Janet Kwak, Rodney Danson
As gifts ordered online start arriving, thieves are taking advantage of the unattended boxes. Janet Kwak reports for the NBC4 News at 11 p.m. on Dec. 7, 2012.
When Howard Wallack ordered Christmas gifts for his family, he wondered why a sculpture he had bought for his daughter never showed up.
"I went on the Internet, checked the delivery, saw that four boxes were delivered, but only three were at my front door. I checked my security cameras," Wallack said.
He said he solved the mystery with surveillance video from outside his home which shows a UPS driver delivering four packages. Then fifteen minutes later, a cautious stranger walked up to his front door.
"A thief who had been, I think, following him, comes up to our front door and steals one of the boxes plus an envelope," Wallack said.
The holiday heist cost him $1,500, he said.

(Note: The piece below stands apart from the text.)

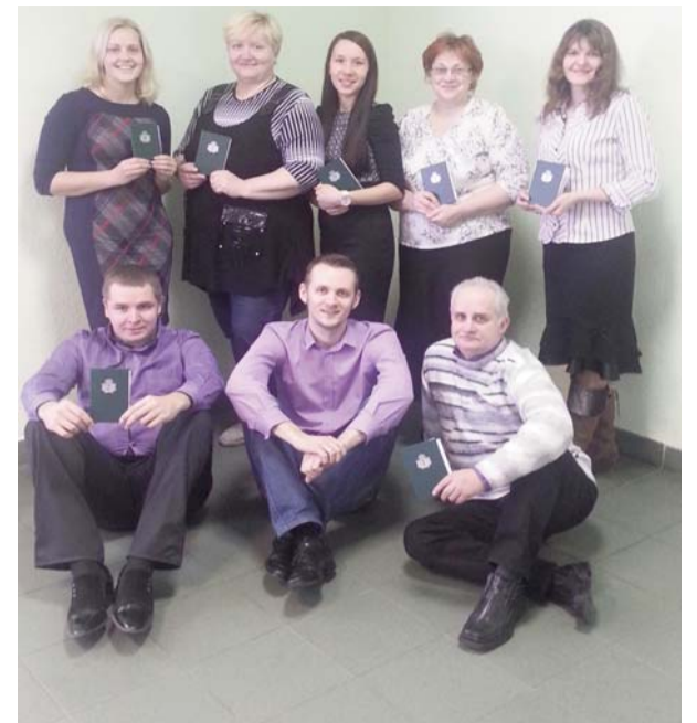
■ Моя первая группа студентов в УЦ „Buts“ на курсе по управлению проектами

Для того, чтобы развитие проходило быстрее, мы все должны изменить мышление с „когда это все кончится“ до „у меня есть идея, и я знаю, как“. Люди почему-то возмнили, что распространяя в социальных сетях негативную информацию о крае, ставя „лайки“ или делая ее, вносят важный вклад в решение проблем. А вот мне кажется, что сила в том, что мы живем, заботясь о нашей окружающей среде, ведь нашим самым большим камнем преткновения в настоящий момент является безразличие ко всему происходящему вокруг.

Stealing from doorsteps, or porch pirating, peaks during the holidays, according to police. That's when the season for giving gifts is also a time for preying Christmas crooks.
The U.S. Postal Service had more than 2,000 reported mail thefts last year.
This week in Yorba Linda, officers arrested Edward Rangel, 36, after a resident told police she saw two men steal parcels from her porch and take off in a sedan.
Eight to 10 packages were found in the car, leading investigators to believe there may be more victims.
But it's not just homeowners who may be targeted.
"I also spoke to my FedEx driver, and he has the same concern," Wallack said. "He's telling me he constantly now has to check his mirrors before he gets out of his truck to make sure someone's not following him."
Because this type of crime is hard to track, delivery companies suggest preventing thefts by using signature or delivery confirmation when ordering online.